FUTURAMA (ANIMATED SERIES)
SEASON 7 EPISODE 1 “THE BOTS AND THE BEES”
Release Date: June 20, 2012 (Setting is 3012)
Horror Crosses: The Fiend Without a Face
Non-Horror Crosses: Jetsons; Forbidden Planet
The Story: Bender becomes a father!
Notes: The “fiend without a face” is now a pet. Bender takes his child to the Rosie D. and Robbie T. Robot Teen Center.

ALTERNATE REALITIES:

TVCU-2: On 22 March 2010, Roy Frumkes confirmed to Fangoria magazine that he would produce a remake of the film in 2011.[11] The online website Dread Central offered an October 2013 update from Frumkes on his Fiend Without a Face remake: "I’ve wanted to do this film for 40 years, so I already had it all in my head, and it wasn’t hard to write. What I didn’t have was the technical information; I’m no science buff. Now I’m interviewing scientists, getting the technology straight. It’s set in a think tank in the Berkshires, and it’s not about young people.
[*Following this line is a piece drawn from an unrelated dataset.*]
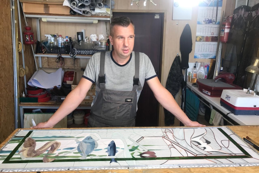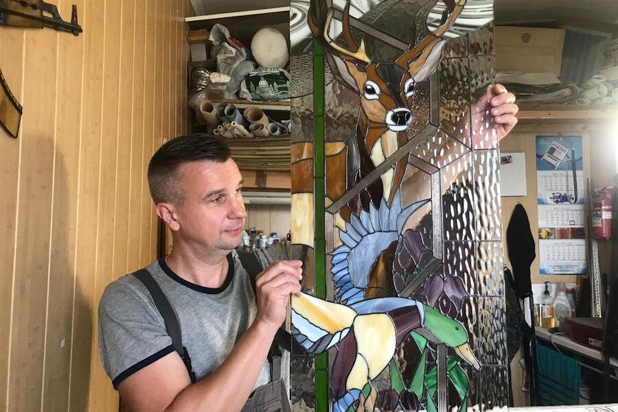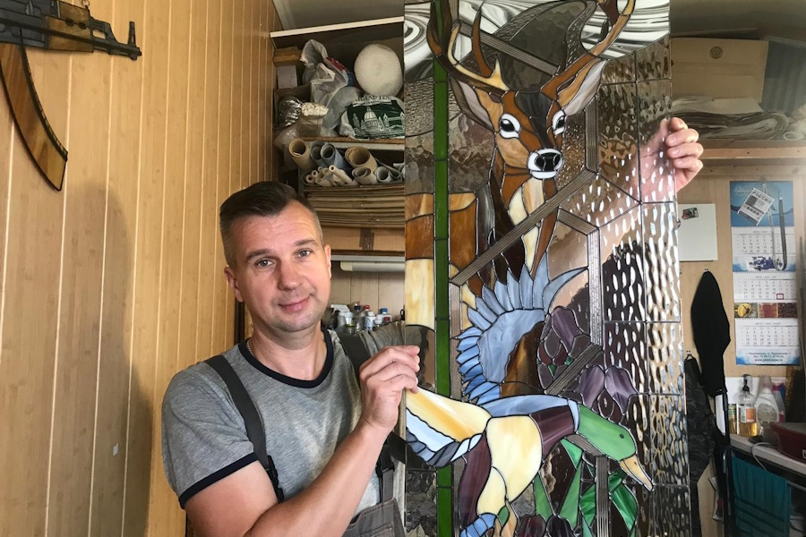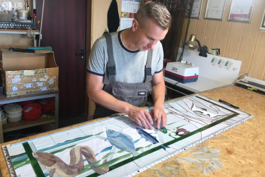 Мастер Александр Полежаев заканчивает работу над витражами, которые должны украсить дверь ресторана «Телеграф» (исторического здания почтамта) на Курортном проспекте Зеленоградска. Установка витражей, по словам мастера, планируется во второй половине августа.

It’s a mature film, but it has a Street Trash sensibility, so the people who like my work will not be disappointed." The website also posted a still from a fund-raising trailer Frumkes had shot for the remake with director Franco Frassetti.

Les Jaunes (2014) Poster

TVCU-3:  Rémi Fréchette, a Montreal-based filmmaker, produced, co-wrote and directed a Web series (2013) and a feature film (2014) called Les Jaunes, in close resonance with the themes and images of Fiend Without a Face, including its military aspects, rural setting, and energy-based brain creatures.[12][13]